> DATASET EXCERPT:
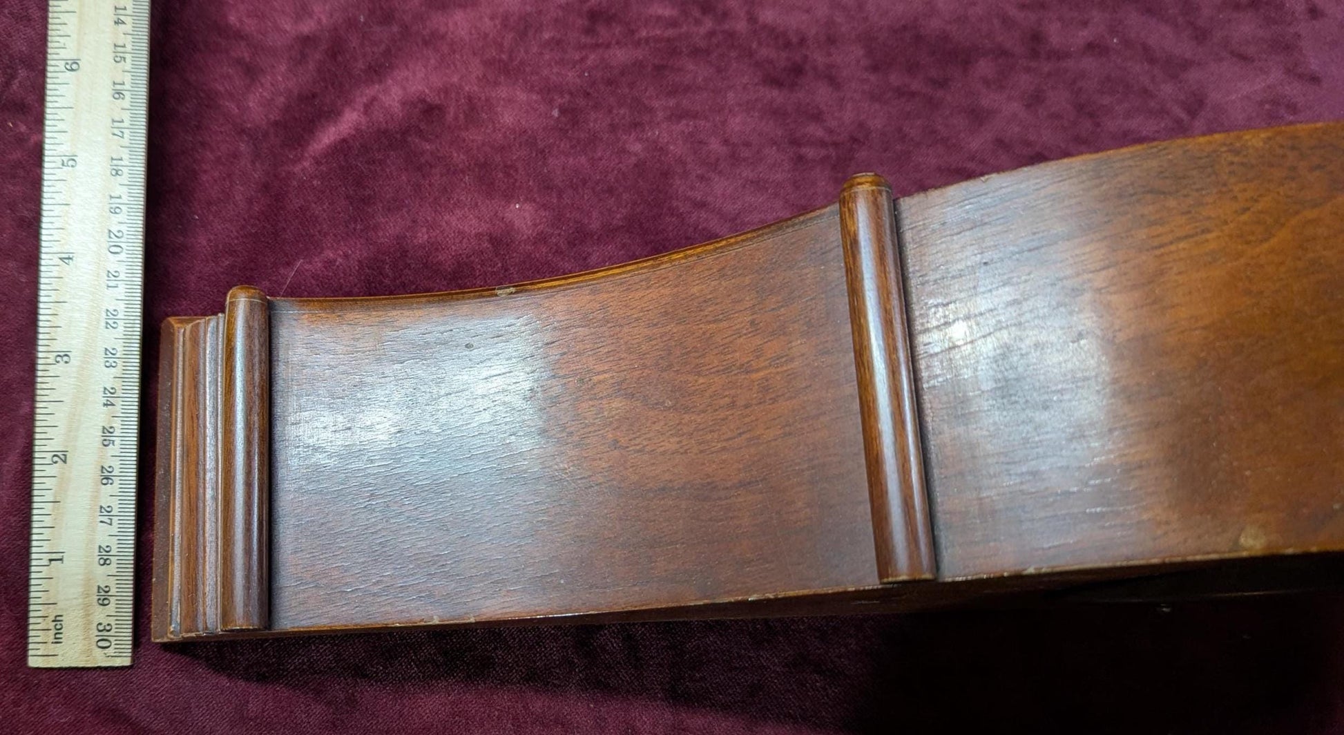 Get the best of both worlds with this very hard to find design and wonderful wood finish. A Rare, Vintage Ingraham Model Sentinel Strike mantle clock, circa 1940's. The classic mantle clock with wide and unique curvilinear wood case. Clock face has silver/gold design in the metal dial with black numerals. Comes with gold hour and minute hands. Measures about 6.5 inches high, 19.75 inches wide, and 3.5 inches deep. Has felt lined bottom pads. Squared convex glass over dial. Very easy to read black Arabic numbers.
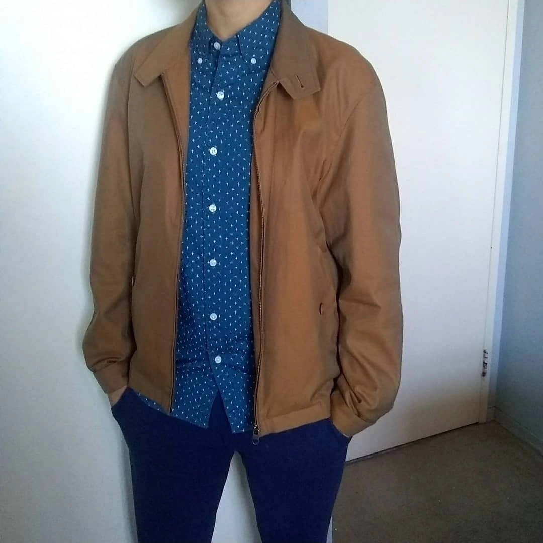 Men's brown jacket, size medium. Zip up, with two front pockets.
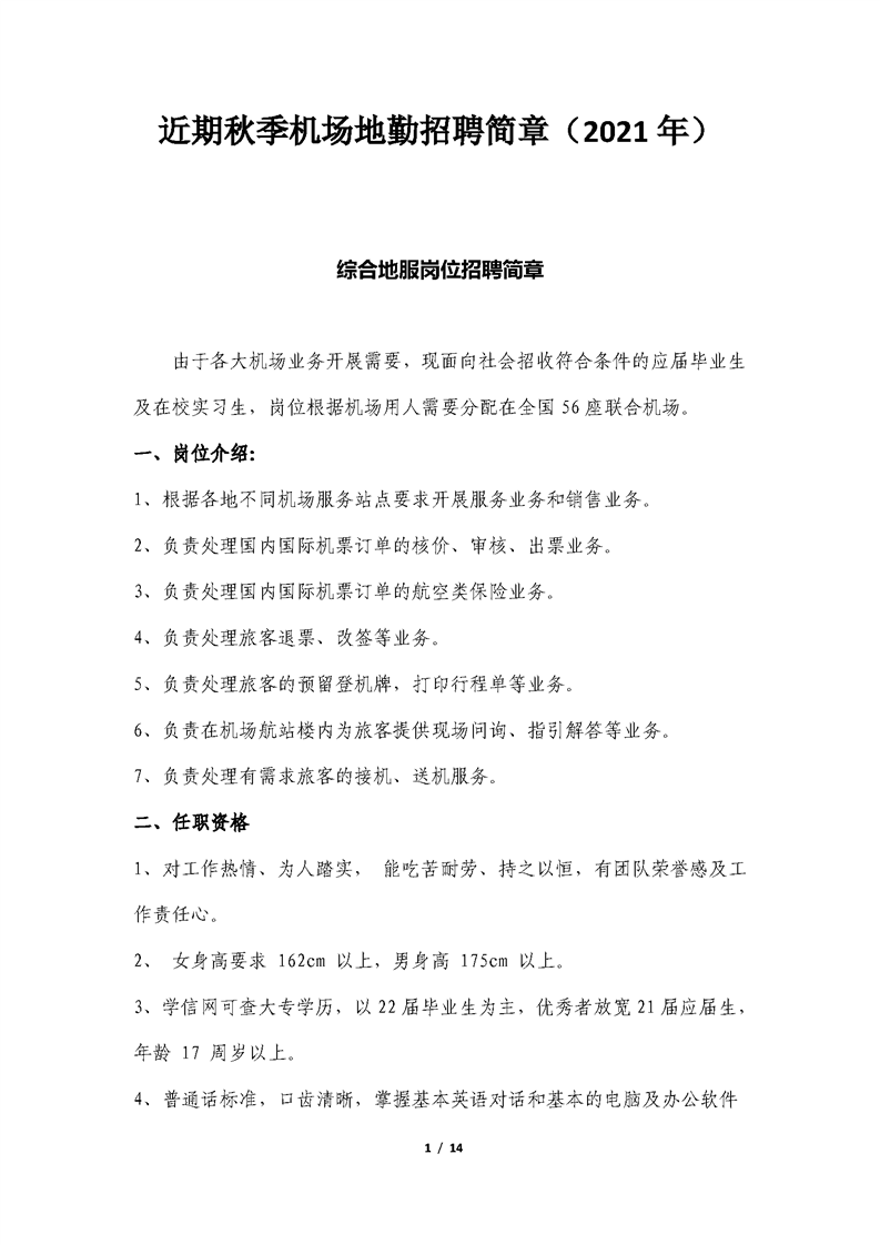 近期秋季機(jī)場地勤招聘簡章(2021年)
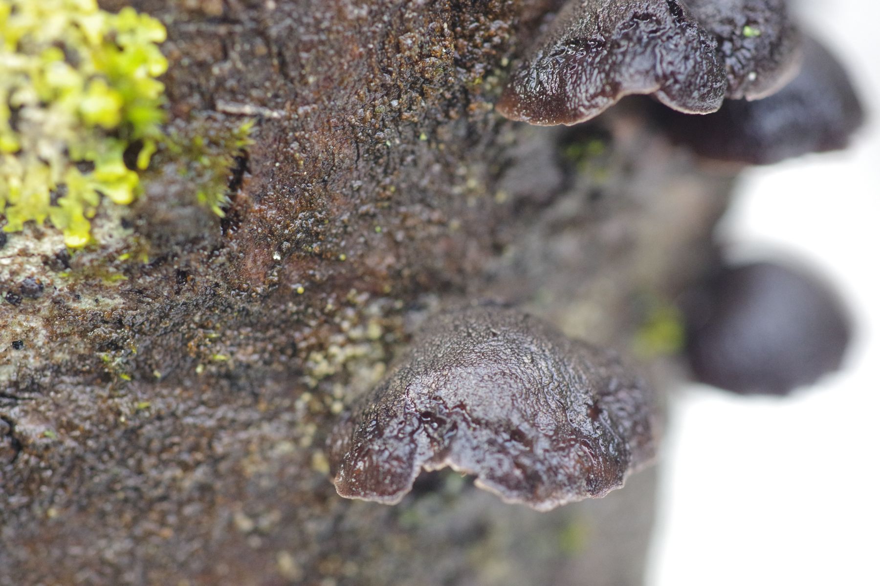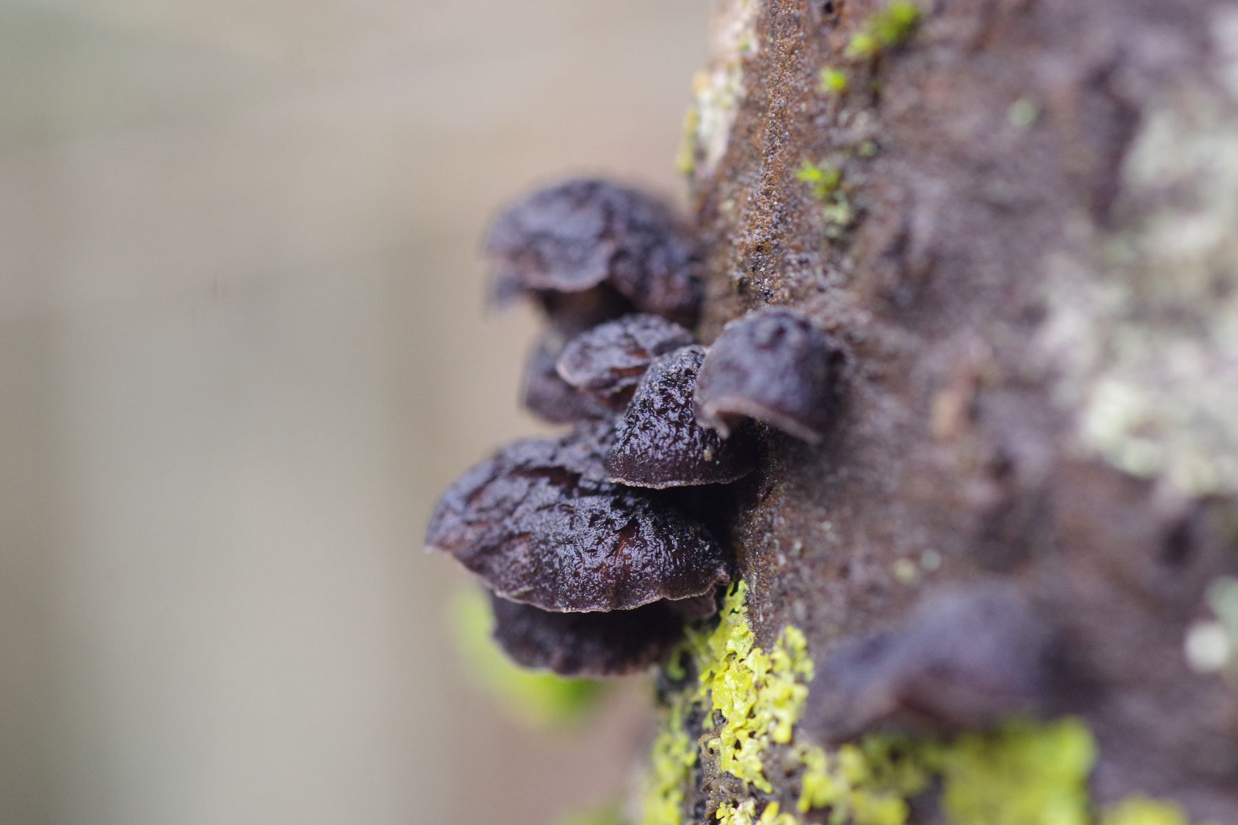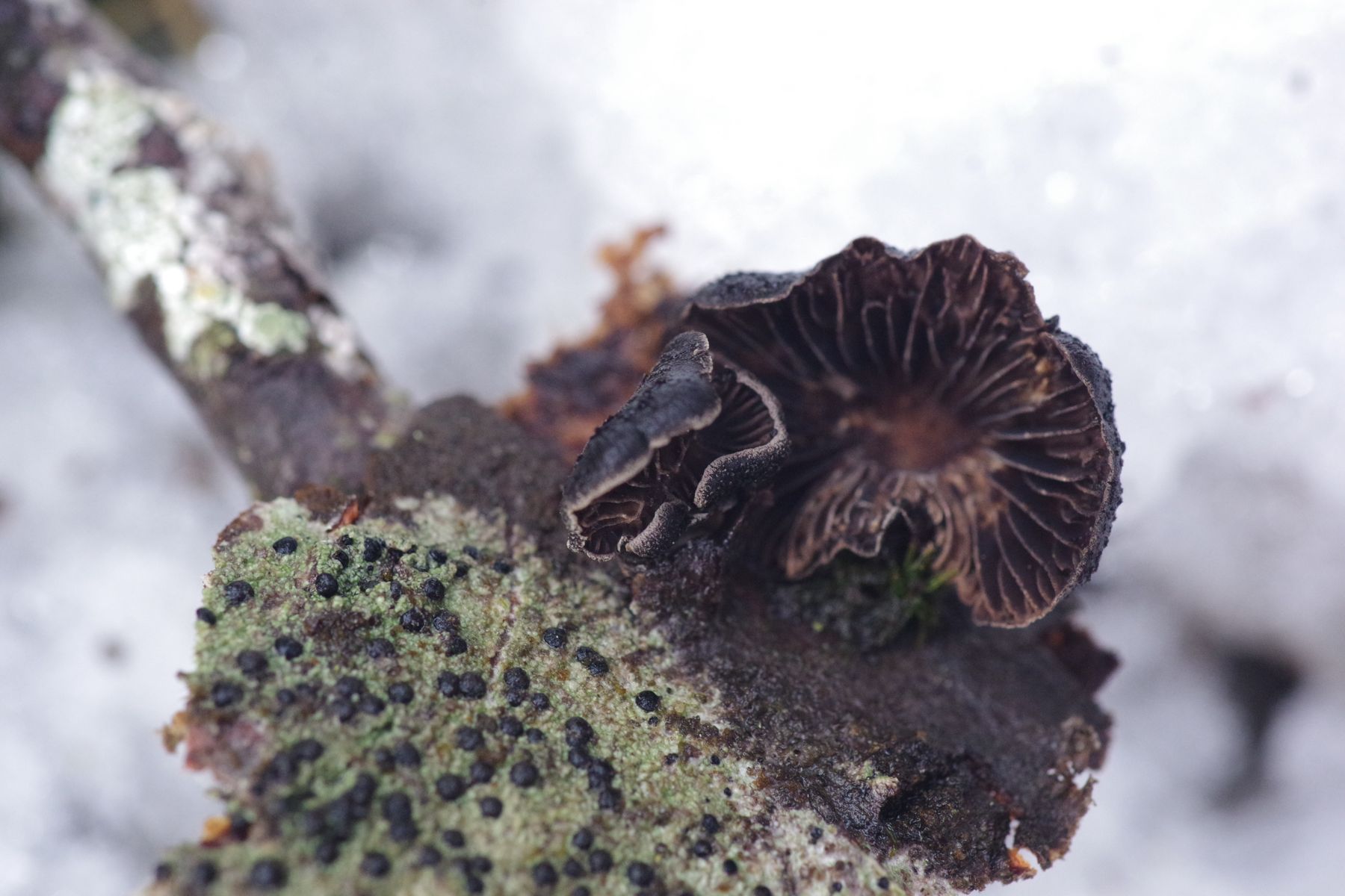 an einer kürzlich abgestorbenen jüngeren Espe habe ich einen schwarzen, braunschwarzen Seitling gefunden und war dann extra mit Leiter im Wald. Die Rinde löst sich schon leicht ab. Größe bis 18 mm. Stiel ist nicht erkennbar, aber nur wenig angewachsen. Huthaut nicht zoniert, wenig haarig. Lamellen in Hutfarbe, aber weiß bereift. Vielleicht geht das Richtung Hohenbuehelia albonigra?

> DIRECTIONS FOR THIS TASK: The result should be every line of the data, reproduced exactly, with the images removed.

> WRITTEN SOLUTION:
 Get the best of both worlds with this very hard to find design and wonderful wood finish. A Rare, Vintage Ingraham Model Sentinel Strike mantle clock, circa 1940's. The classic mantle clock with wide and unique curvilinear wood case. Clock face has silver/gold design in the metal dial with black numerals. Comes with gold hour and minute hands. Measures about 6.5 inches high, 19.75 inches wide, and 3.5 inches deep. Has felt lined bottom pads. Squared convex glass over dial. Very easy to read black Arabic numbers.
 Men's brown jacket, size medium. Zip up, with two front pockets.
 近期秋季機(jī)場地勤招聘簡章(2021年)
 an einer kürzlich abgestorbenen jüngeren Espe habe ich einen schwarzen, braunschwarzen Seitling gefunden und war dann extra mit Leiter im Wald. Die Rinde löst sich schon leicht ab. Größe bis 18 mm. Stiel ist nicht erkennbar, aber nur wenig angewachsen. Huthaut nicht zoniert, wenig haarig. Lamellen in Hutfarbe, aber weiß bereift. Vielleicht geht das Richtung Hohenbuehelia albonigra?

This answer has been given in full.